##### Data for analysis
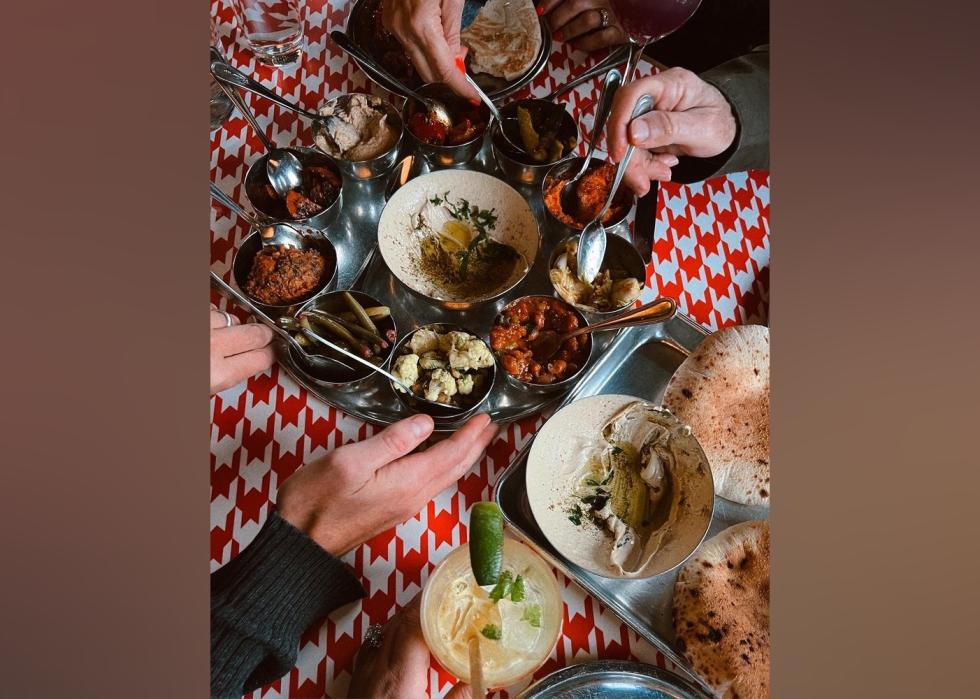 Middle Eastern dining emphasizes a shared experience, with many dishes designed to be eaten communally so that everyone at the table can build relationships through food. Mezze platters of bite-sized options and family-style stews are perfect for a night out with family or friends.
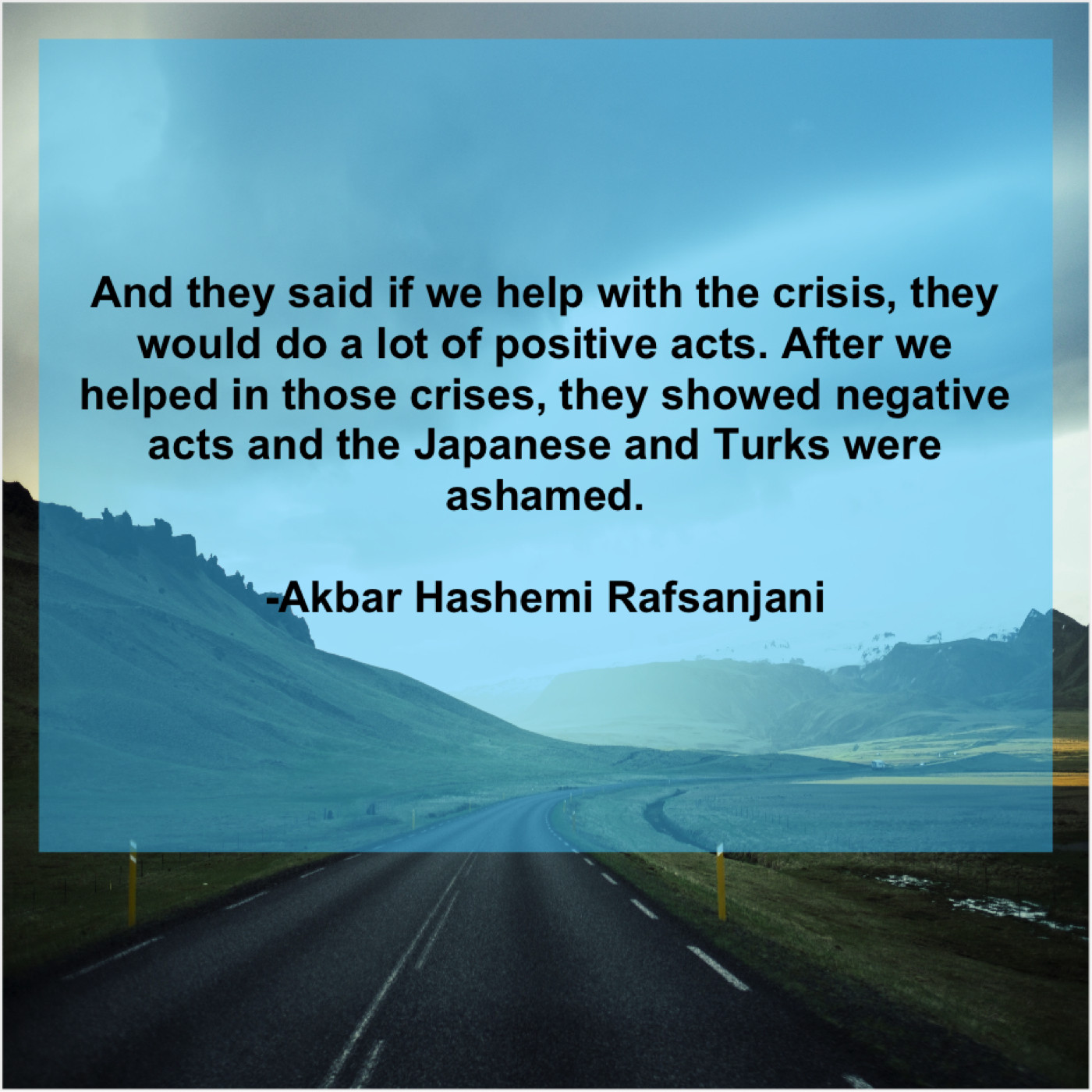 Akbar Hashemi Rafsanjani Akbar Hashemi Rafsanjani – And they said if we… January 23, 2019 admin “And they said if we help with the crisis, they would do a lot of positive acts. After we helped in those crises, they showed negative acts and the Japanese and Turks were ashamed.”-Akbar Hashemi Rafsanjani
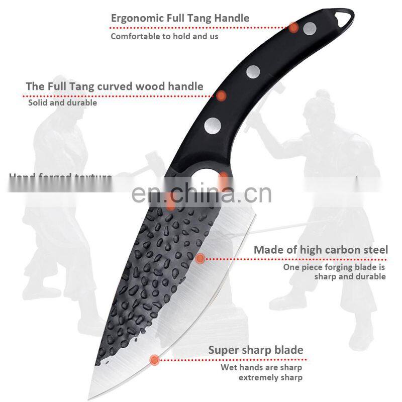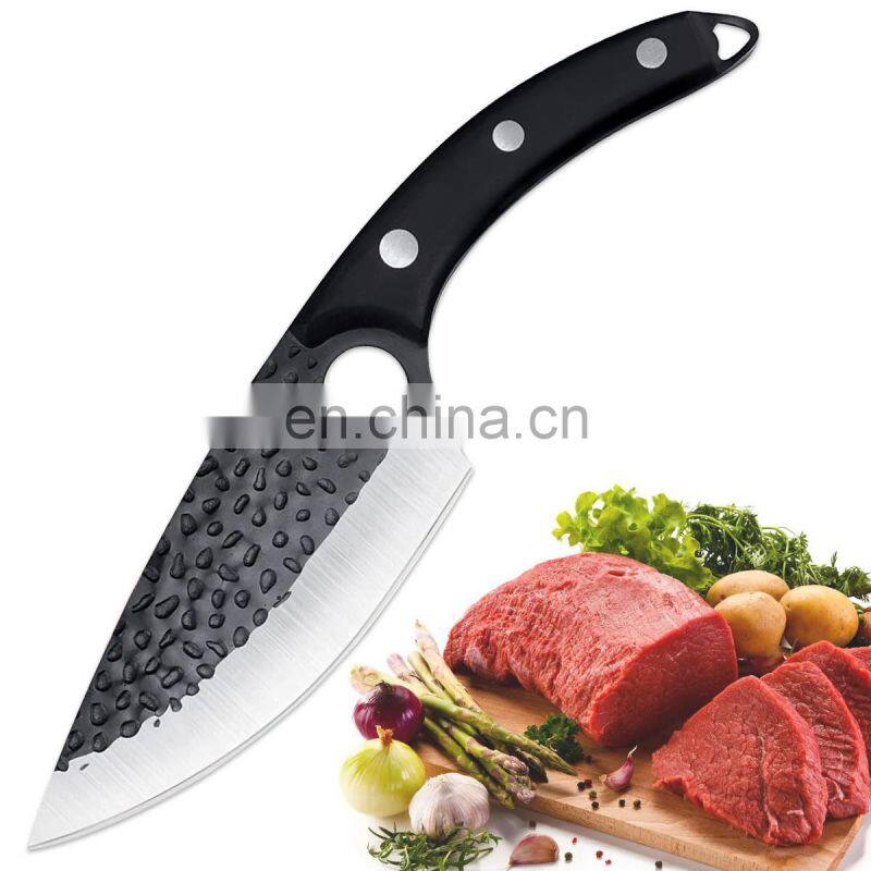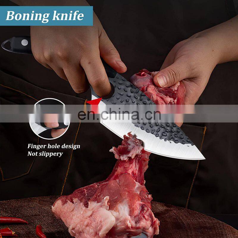Forged Hammer Pattern Viking Stainless Steel Hand-made Forged Hammered Boning Knife Outdoor Fish-killing Knife Butcher Knife Set
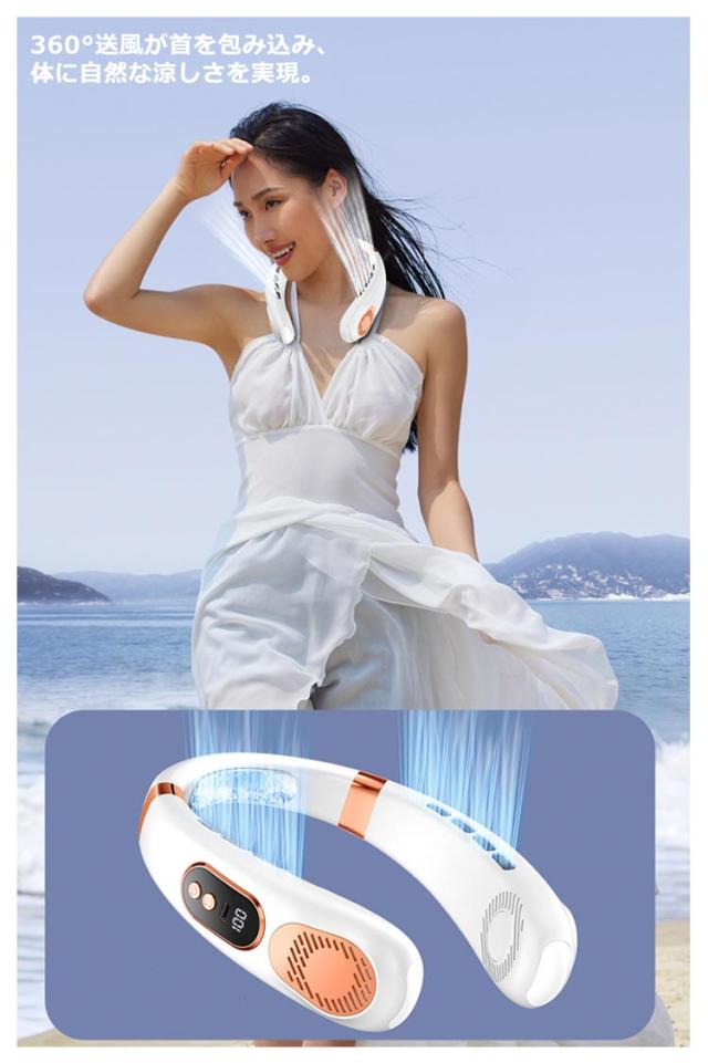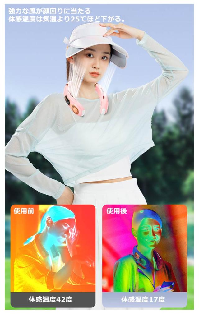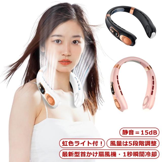| 【最新型首かけ扇風機・1秒瞬間冷却】 【虹色ライト付!】 【風量は5段階調整】 【静音=15dB】 | |
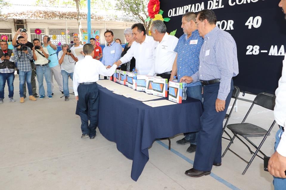 Apatzingán, Mich., a 28 de marzo de 2019.- Como parte del compromiso que tiene la administración municipal, con el sector educativo y con los estudiantes destacados, el alcalde, José Luis Cruz Lucatero, entregó 12 tablets a los alumnos que participaron en la Olimpiada del Conocimiento del sector 40 de educación primaria.
##########
:: What is expected ::
Your reply must hold only the lines from the line containing "Forged Hammer Pattern" through the end of the records above, written out exactly, both ends included, with no pictures, please.

:: Task answer ::
Forged Hammer Pattern Viking Stainless Steel Hand-made Forged Hammered Boning Knife Outdoor Fish-killing Knife Butcher Knife Set
| 【最新型首かけ扇風機・1秒瞬間冷却】 【虹色ライト付!】 【風量は5段階調整】 【静音=15dB】 | |
 Apatzingán, Mich., a 28 de marzo de 2019.- Como parte del compromiso que tiene la administración municipal, con el sector educativo y con los estudiantes destacados, el alcalde, José Luis Cruz Lucatero, entregó 12 tablets a los alumnos que participaron en la Olimpiada del Conocimiento del sector 40 de educación primaria.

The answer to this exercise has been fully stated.